As it is known, the pathogenesis of PD, the second most common neurodegenerative disorder, consists in a cascade of events including oxidative stress, excitotoxicity via glutamate pathways, impaired mitochondrial functions, protein misfolding and aggregation due to ubiquitin-proteasomal system dysfunction, altered lysosome and chaperone-mediated autophagy and the development of cytoplasmic Lewy bodies, eventually leading to cell death. Due to its neuroprotective functions, in the last decade several studies have been conducted in order to understand and resolve the linkage between IGF-1 and PD. In this way, numerous basic and translational reports have appointed brain protection and injury recovery functions of IGF-1 in CNS injuries and/or PD patients. These results highlight the protective and homeostatic key roles of IGF-1 in brain, along with its anti-apoptotic, pro-survival and protective features on cellular metabolism.

The aging process, where IGF-1 serum levels decrease with age, is one of the risk factors for PD development. However, several clinical correlations in PD patients have reported an augmentation in IGF-1 levels at the onset of the disease, which suggests, given the preclinical results, an ongoing compensatory or “fight-to-injury” mechanism, since as the disease progresses such elevation dissipates. Additionally, lower IGF-1 levels at the beginning of PD are associated with a worse disease progression and prognosis.

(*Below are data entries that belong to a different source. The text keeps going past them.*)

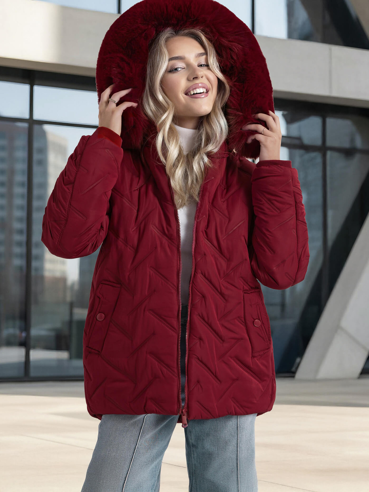 - Geacă de iarnă pentru femei cu glugă detașabilă și blăniță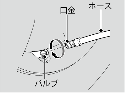 - バルブにエアコンプレッサーのホースを確実に取り付ける。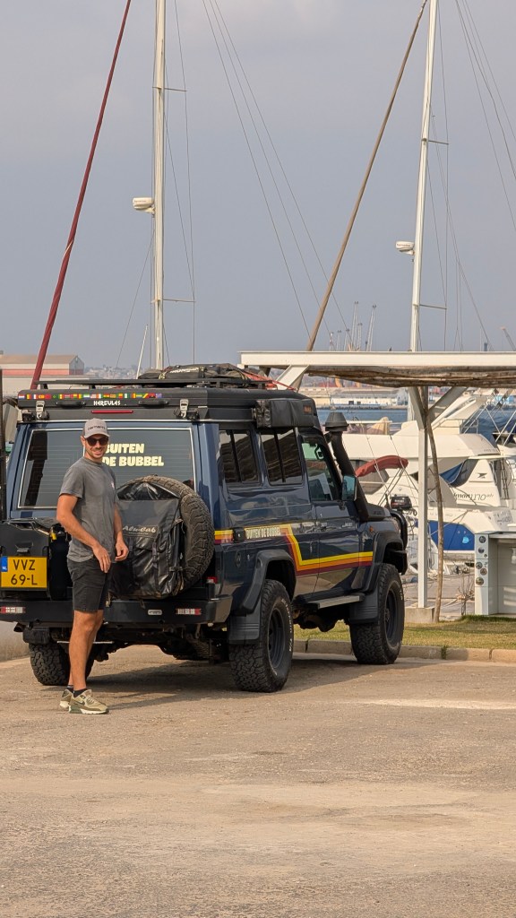 Tijd voor boodschappen. Dat klinkt misschien makkelijk maar dit is in Afrika altijd een dagtaak. Na de boodschappen trakteren we onszelf op een heerlijke lunch in de stad bij Galeria Cafe. We besluiten deze avond nog een avondje in Luanda te slapen maar wel op een gratis overlander plek bij de jachthaven. Wat een parel van een plek!

Together with age, male sex is another crucial risk factor for PD establishment. Estrogens seem to confer women a strong protection to PD due to their beneficial effects on memory and cognition. This estrogen related neuroprotection is achieved via IGF-1 signaling pathway, as estrogens activate PI3K to stimulate neuron survival and protection. Nevertheless, more experimental studies need to be performed to better understand the molecular mechanisms from IGF-1 cascade involved in PD.

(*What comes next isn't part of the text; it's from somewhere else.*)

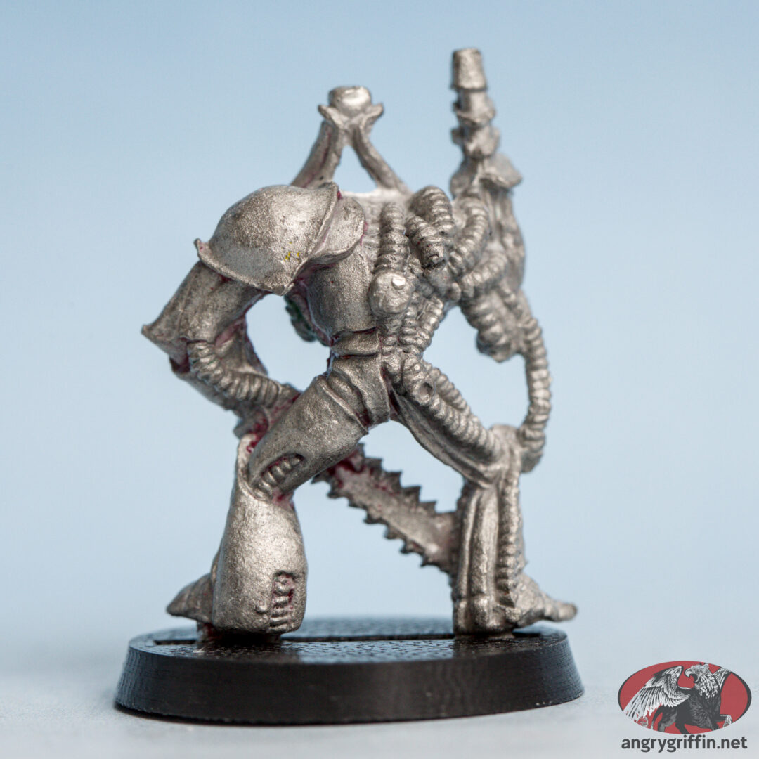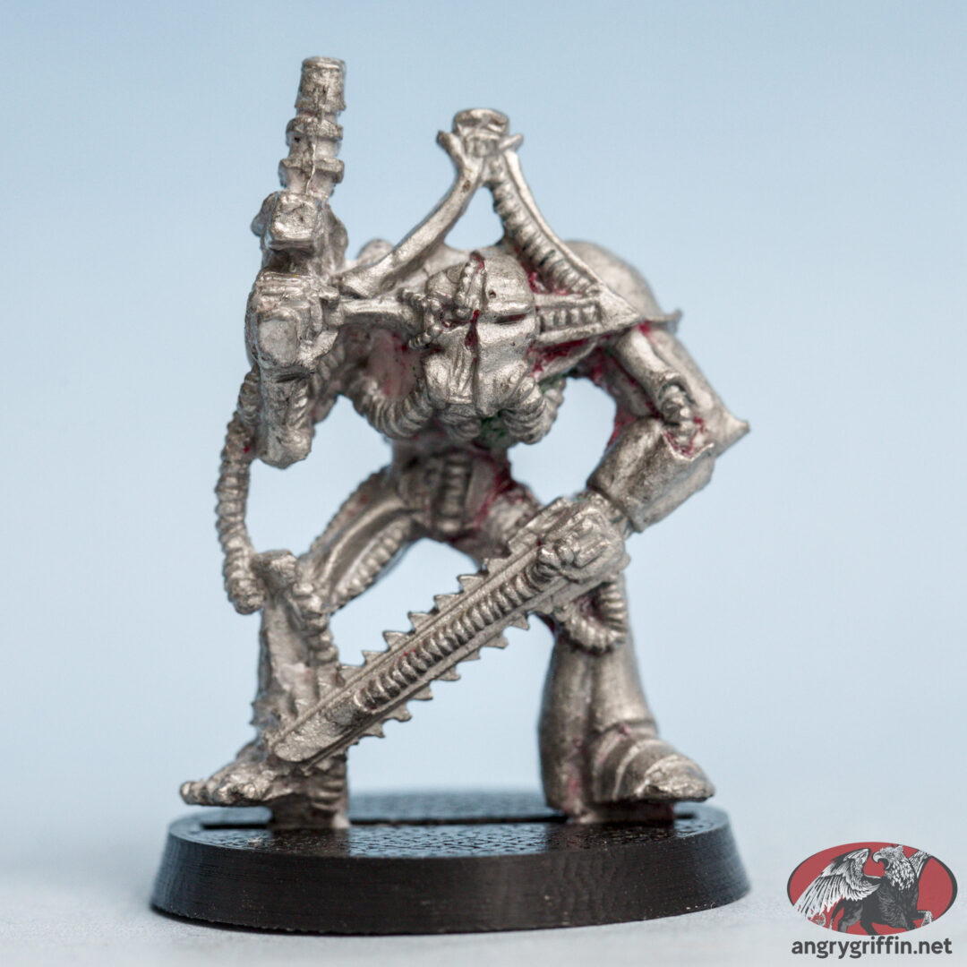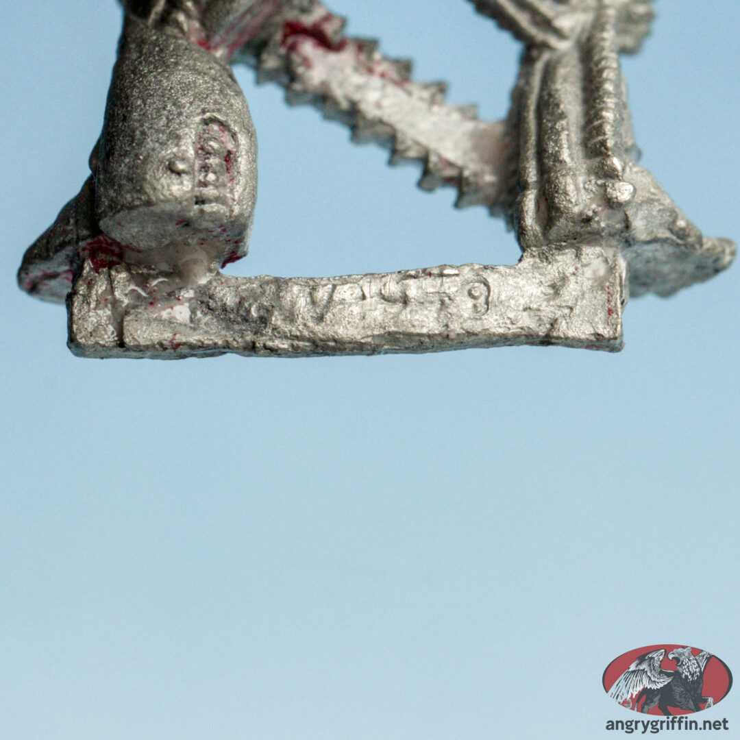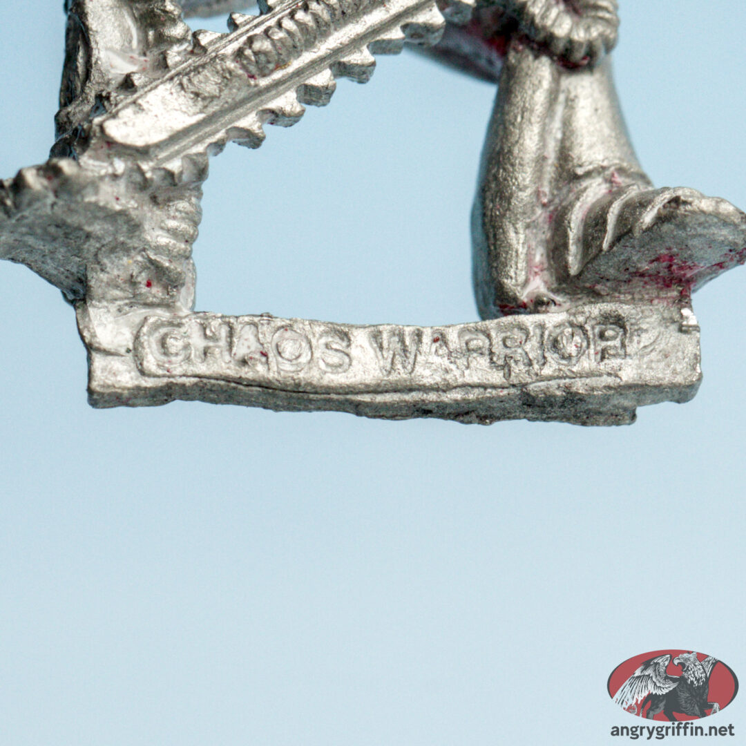 This metal Rogue Trader-era Chaos Renegade miniature is seen in the 1989 catalogue as part number 022216. Sculpting credits for that page go to Michael Perry and Kevin Adams, and I don’t know which one sculpted this particular chap.

In this fashion, it could be reasonable to think in a combined therapy with estrogens and IGF-1, since both molecules can cross the blood–brain barrier activating the IGF-1 signaling pathway to exert its favorable actions in brain and also to prevent α-synuclein aggregation (Lewy body deposition), thus avoiding PD development. This hypothesis is in accordance with recent studies where polyphenols, such as curcumin, are used to inhibit α-synuclein aggregation and prevent oxidative damage related alterations. Also, GDNF, a neurotrophic factor, could be used as a therapy for PD, because it can reduce the vulnerability of domapinergic neurons. However, in order to solve this question, more cexperimental and clinical studies need to be done.